Opening a page at random in John Chris Jones’s “Essays in Design” (one of my all time influences), I found this:
“Context (a name I prefer to environment, because it sound less like a separate thing from ourselves) is the hardest thing to perceive, because it includes us, our ways of thinking. The fish cant see the water. ‘It’ is the source of change, of unexpectedness, the real generator of newness, design, of evolution. Aims, purposes, requirements, functions: these are words for how we see what is needed. But when we name them we tend to exclude the main part, the least predictable: ourselves, our minds, and how they change, once we experience something. It is ourselves, not our words, that are the real purpose of designing. The biggest mistake is to take the product alone as the aim. Its always secondary. Always a means, to process, to what we’re doing now or will be doing later. Dont comprise the process: get it right.

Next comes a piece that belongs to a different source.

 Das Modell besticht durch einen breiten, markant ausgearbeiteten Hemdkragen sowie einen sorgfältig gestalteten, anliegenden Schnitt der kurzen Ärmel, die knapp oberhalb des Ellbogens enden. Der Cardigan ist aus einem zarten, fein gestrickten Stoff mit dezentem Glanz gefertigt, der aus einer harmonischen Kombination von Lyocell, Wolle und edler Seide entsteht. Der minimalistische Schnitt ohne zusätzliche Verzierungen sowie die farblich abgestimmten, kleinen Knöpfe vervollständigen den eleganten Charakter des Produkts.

The best kinds of evolution we know, natural, linguistic, hand-crafted, are planless but highly responsive to change of context. With astonishingly coherent results.

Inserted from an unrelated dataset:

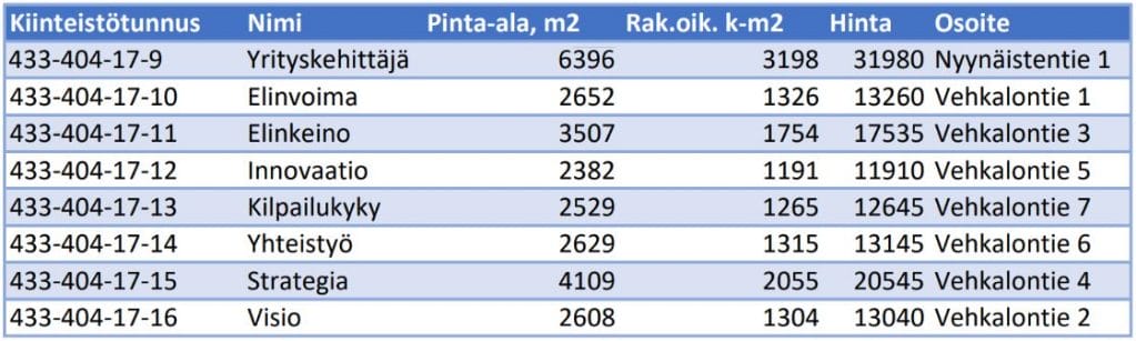 Tonttien ohjeellinen koko vaihtelee noin 2 382– 6 396 m². Tonttikokoa ja -jakoa voidaan tarvittaessa muuttaa. Tonttien tehokkuusluku 0,50. Hinnat 5 eur/m2.

The first step to attempting something similar in design, in continuous designing, is, I think now, to acknowledge publicly from the start that when we design our knowledge is of necessity incomplete. And to design the design process to reflect that modesty, that expectation of learning what the problem is as we try to solve it, discarding first thoughts. To make the meta-process sensitive to what is learnt in the highly informative process of designing.”
J. Christopher Jones, “Essays in Design” John Wiley & Sons, 1984, pp 212, ISBN 0 471 90297 7
Oh serendipity!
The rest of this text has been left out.